Answer: Issaura’s Claws is the first of a four-book series entitled the Incarn Saga. This young adult war fantasy takes place in the fictional kingdom of Elysia—home to two races of beings: the ruling humans and the Theriomorphs who can transform into an animal form at will. Though the two races distrust each other, they must unite when the Raiders, invaders from across the ocean, attack the Elysians. The protagonist, Lluava, is a seventeen-year-old Theriomorph who is drafted into the army. Through her eyes, you see how dire the situation really is and experience the many adventures she endures.
Where are you from? Can you tell us a little about yourself?
Answer: You could call me a Southern girl. I was born in Texas, grew up in Georgia, and live in New Orleans.
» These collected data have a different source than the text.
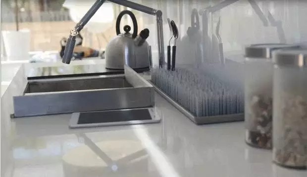 鳥巢溫控器可以讓內(nèi)部始終保持著適合人體舒適的溫度,Amazon Echo則是實(shí)現(xiàn)智能家居用聲音控制家居用品的智能音箱,能實(shí)現(xiàn)房子的語(yǔ)音控制和智能化,SageGlass制造的特殊玻璃能能根據(jù)室外陽(yáng)光強(qiáng)度來(lái)遮陰,這樣就不需要百葉窗了,KASITA還配備了PHILIPS色調(diào)燈光,可以通過(guò)app控制色溫,讓房間光線配合人的需要。
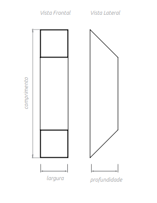 Disponibilizamos a Arandela Vert também com as dimensões: 20cm de Comprimento, 7,5cm de Largura e 7,5cm de Profundidade
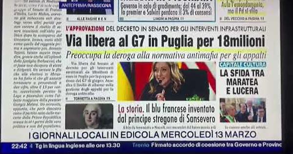 La nostra prima pagina di oggi con importanti notizie sull'eccidio a Gaza, le elezioni in Basilicata, il summit del G7 in Puglia

Most of my childhood was spent in the country where I was blessed with opportunities to work with a wide range of animals as well as encouraged to play “make-believe” with my sister and friends. My imaginary childhood adventures helped further my ability to become a fantasy writer. Moreover, my experience with animals greatly influenced my first book series, the Incarn Saga. I am also an artist and specialize in reverse-glass paintings with a New Orleans theme. My dog, Alli, is often featured making gumbo or trying on Mardi Gras masks.